── Data extract

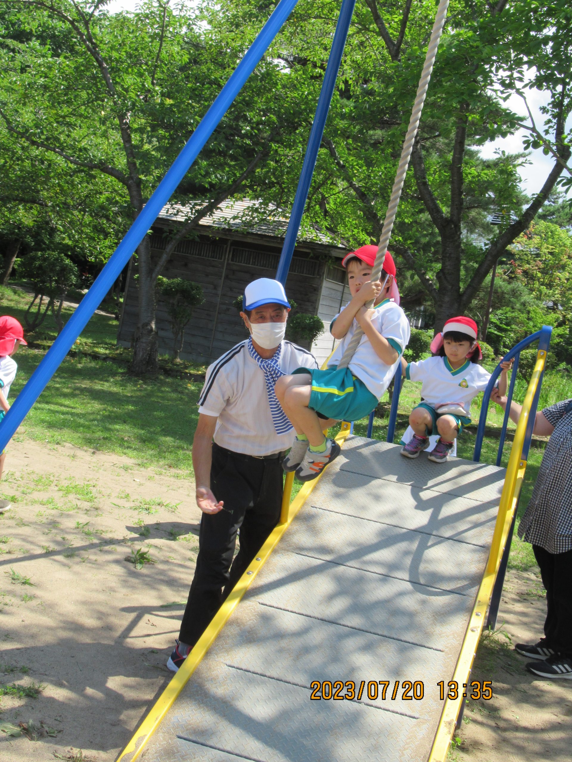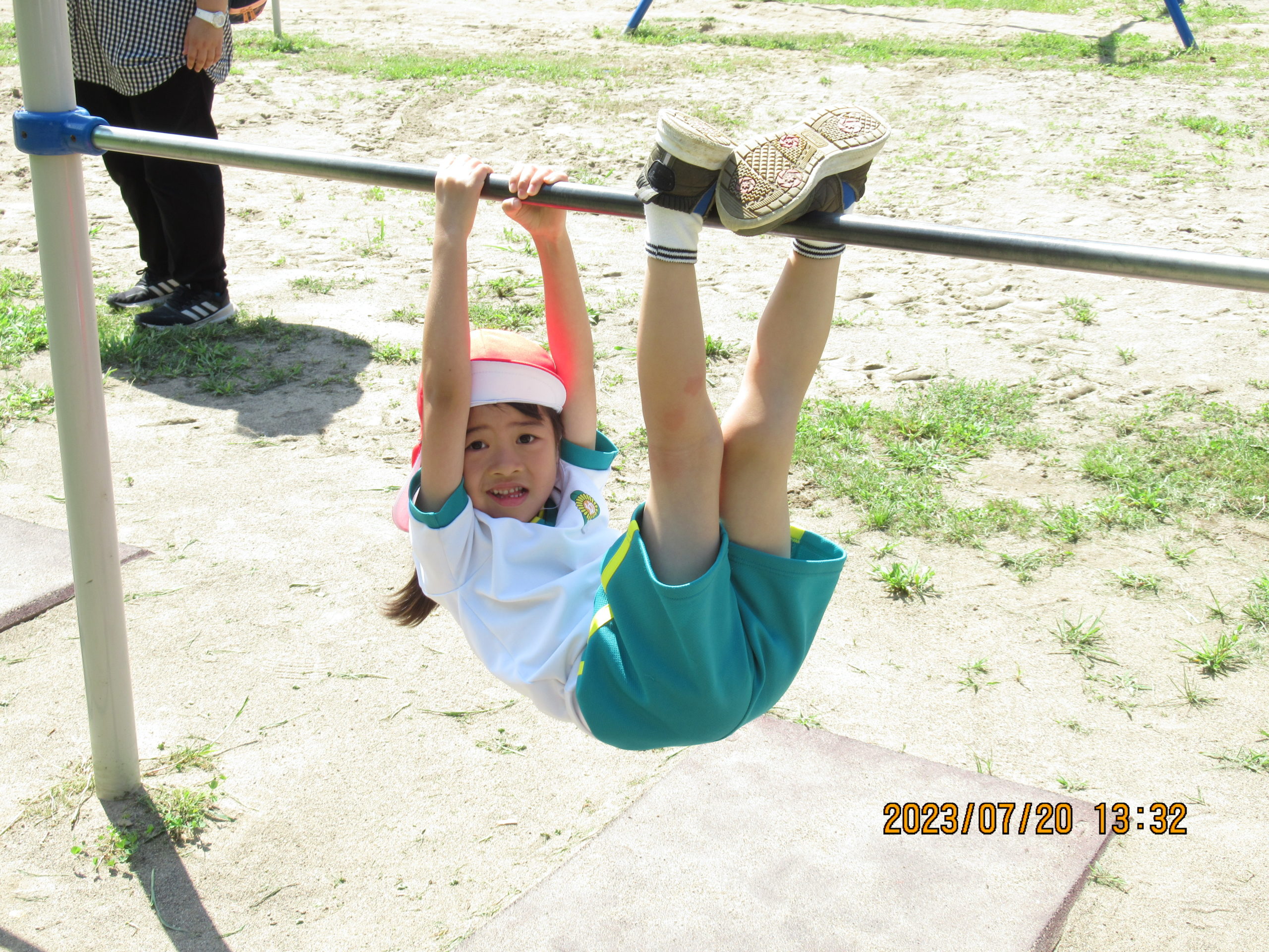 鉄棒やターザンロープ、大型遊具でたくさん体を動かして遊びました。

────
── Data extract

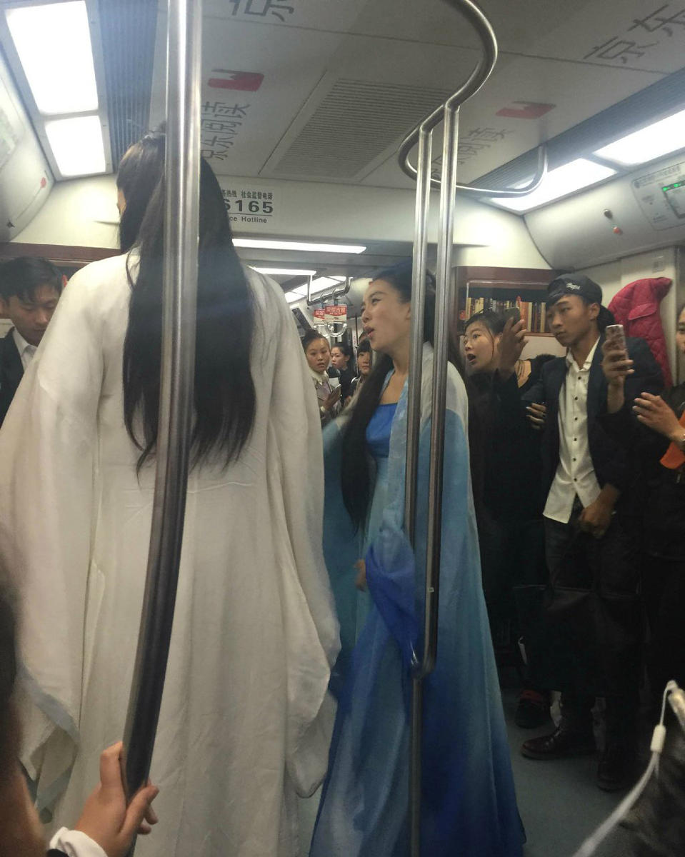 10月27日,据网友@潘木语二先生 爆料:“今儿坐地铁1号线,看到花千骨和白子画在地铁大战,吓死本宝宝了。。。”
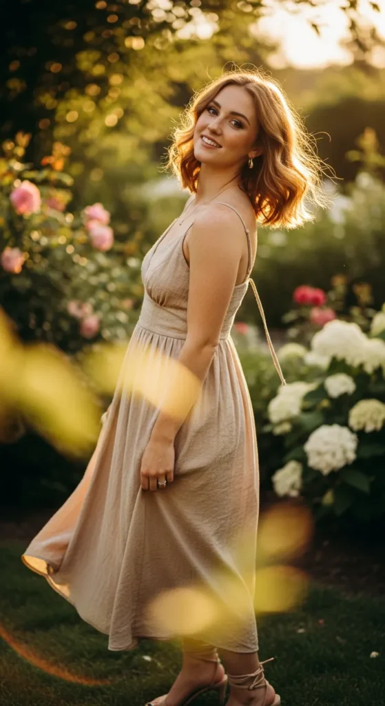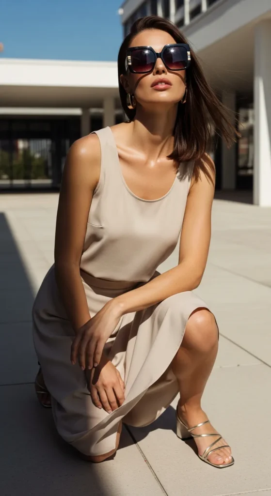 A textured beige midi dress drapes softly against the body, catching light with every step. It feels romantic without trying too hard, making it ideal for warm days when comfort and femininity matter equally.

────

### [Required action]
Copy out exactly the lines above beginning with the line that contains "10月27日,据网友@潘木语" and finishing with the line that contains "A textured beige", including both; leave the pictures out.

### [Finished exercise]
 10月27日,据网友@潘木语二先生 爆料:“今儿坐地铁1号线,看到花千骨和白子画在地铁大战,吓死本宝宝了。。。”
 A textured beige midi dress drapes softly against the body, catching light with every step. It feels romantic without trying too hard, making it ideal for warm days when comfort and femininity matter equally.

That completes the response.